Secret Window is a 2004 American psychological thriller film starring Johnny Depp and John Turturro. It was written and directed by David Koepp, based on the novella Secret Window, Secret Garden by Stephen King, featuring a musical score by Philip Glass and Geoff Zanelli. The story appeared in King's 1990 collection Four Past Midnight. The film was released on March 12, 2004, by Columbia Pictures; it was a moderate box office success and received mixed reviews from critics.

Plot
After catching his wife Amy having an affair with their friend Ted, mystery writer Mort Rainey retreats to his cabin at Tashmore Lake in upstate New York, while Amy stays in their marital home. Six months later, Mort, depressed and suffering from writer's block, has delayed finalizing the divorce.

One day, a man named John Shooter arrives at the cabin and accuses Mort of plagiarizing his short story, "Sowing Season". Upon reading Shooter's manuscript, Mort discovers it is virtually identical to his own story, "Secret Window", except for the ending. The following day, Mort, who once plagiarized another author's story, tells Shooter that his story was published in a mystery magazine two years before Shooter's, invalidating his plagiarism claim. Shooter demands proof and warns Mort against contacting the police. That night, Mort's dog, Chico, is found dead outside the cabin, along with a note from Shooter giving Mort three days to provide proof.

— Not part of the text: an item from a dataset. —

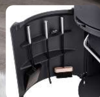
Sockelraum mit 5-Liter-Aschekimer und Kaminbesteck

Mort reports the incident to Sheriff Newsome. Mort drives to his and Amy's house intending to retrieve a copy of the magazine but leaves because Ted and Amy are there. Mort instead hires private investigator Ken Karsch, who stakes out the cabin and speaks to Tom Greenleaf, a local resident who may have seen Shooter and Mort talking together. At the cabin, Shooter appears and demands that Mort revise his story's ending to Shooter's version, where the protagonist kills his wife. When an arson fire destroys Amy and Mort's house, and presumably the magazine, Mort reveals to the police that he has an enemy.

Karsch tells Mort that he suspects Shooter has threatened Greenleaf after Greenleaf claimed he never saw Mort and Shooter talking together. Mort and Karsch agree to confront Shooter but first choose to meet up with Greenleaf at the local diner the next morning. Arriving late, Mort discovers that neither Karsch nor Greenleaf showed up at the diner. On his way back, Mort encounters Ted at a gas station where Ted demands Mort sign the divorce papers. Believing Shooter is in Ted's employ, Mort refuses, taunts Ted, and leaves.

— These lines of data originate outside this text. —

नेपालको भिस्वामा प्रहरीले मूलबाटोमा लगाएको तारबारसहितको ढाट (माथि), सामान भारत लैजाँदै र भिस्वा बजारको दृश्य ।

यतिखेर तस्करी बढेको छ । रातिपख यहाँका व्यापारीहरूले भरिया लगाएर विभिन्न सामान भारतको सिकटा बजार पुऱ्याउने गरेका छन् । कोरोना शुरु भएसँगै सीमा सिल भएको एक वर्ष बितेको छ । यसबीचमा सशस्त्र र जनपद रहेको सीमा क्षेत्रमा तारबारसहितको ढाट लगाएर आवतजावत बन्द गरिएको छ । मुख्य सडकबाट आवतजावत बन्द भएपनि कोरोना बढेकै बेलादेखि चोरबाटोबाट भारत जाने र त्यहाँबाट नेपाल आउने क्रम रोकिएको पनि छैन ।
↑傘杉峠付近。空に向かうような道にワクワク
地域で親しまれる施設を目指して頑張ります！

Later, Shooter summons Mort to a meeting place; when he arrives, Mort finds Karsch and Greenleaf dead inside Greenleaf's truck and passes out at the sight. When he recovers Shooter tells Mort he killed the two men because they had "interfered" in his business, and warns Mort he has deliberately implicated him in the two men's murders (having used Mort's axe and screwdriver as the murder weapons) and implies Mort should dispose of the bodies. Mort agrees to meet Shooter at his cabin to show him the magazine containing his story, which is supposed to arrive that day, having been sent overnight by his literary agent. Mort later retrieves his tools and then pushes Greenleaf's truck with both bodies still in it off a steep cliff into a water-filled quarry where it sinks.

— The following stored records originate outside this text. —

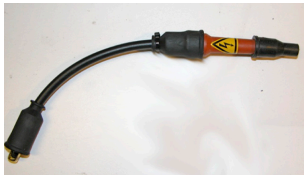
1 - Le «PROTECTOR» tel qu'il est livré
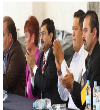
Inauguración Juan Aldama

De esta manera la Unidad Académica de Enfermería genera condiciones y mecanismos, que contribuyen a que más jóvenes ingresen a la universidad acercando los programas académicos a los municipios del estado, con el finalidad de ofrecer más oportunidades de progreso y desarrollo regional.
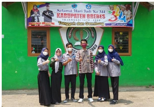
Kegiatan Forum komunikasi

Mort retrieves the package containing the magazine from the post office but finds that it has already been opened with the pages containing his story ripped out. At Mort's cabin, Mort sees Shooter's hat and puts it on and begins speaking to himself, trying to make sense of the events. Frustrated and in denial, Mort throws an object at the wall and is surprised to see a growing crack fracture the cabin in half. Looking in the mirror, he's startled to see the back of his head reflected instead. Mort realizes that Shooter is a figment of his imagination, a character brought to life through Mort's undetected dissociative identity disorder, unwittingly created to cope and carry out malevolent tasks that Mort cannot do - like killing Chico, Greenleaf and Karsch, as well as burning down their home. That persona now takes full control of Mort.

Amy arrives at the cabin, finding it ransacked and sees the word "SHOOTER" carved repeatedly on the walls and furniture. Mort appears, speaking and acting as Shooter, wearing his hat. Amy realizes the name "Shooter" represents Mort's desire to "SHOOT HER". He chases Amy and stabs her in the ankle. Ted, looking for Amy, arrives and is ambushed by Mort, who smashes his face with a shovel. Amy watches helplessly as Mort bludgeons Ted with the shovel, while reciting the ending of "Sowing Season". He then murders Amy offscreen.

Months later, Mort has recovered from his writer's block and his passion for life returns. He is feared and shunned in town because of the rumors about the missing people associated with him. Sheriff Newsome arrives and tells Mort that he is the prime suspect in the supposed murders. He warns him that the bodies will eventually be found and he will be caught, then says he is no longer welcome in town. Mort passively dismisses the threat and tells Newsome that the ending to his new story is "perfect". It is implied that Amy and Ted's bodies are buried under the corn growing in Mort's garden, allowing Mort to slowly destroy any evidence of their murders. (In an alternative ending cut for home media their bodies are shown under the earth.)

Cast
Johnny Depp as Morton "Mort" Rainey
John Turturro as John Shooter
Maria Bello as Amy Rainey
Timothy Hutton as Ted "Teddy" Milner
Len Cariou as Sheriff Dave Newsome
Charles S. Dutton as Private Investigator Ken Karsch
John Dunn Hill as Tom Greenleaf

Production
Part of Secret Window was filmed in the town of North Hatley, Quebec in the Eastern Townships approximately two hours south east of Montreal. Other filming locations included Lake Massawippi, Lake Sacacomie, Lake Gale and the village of Bromont, Quebec.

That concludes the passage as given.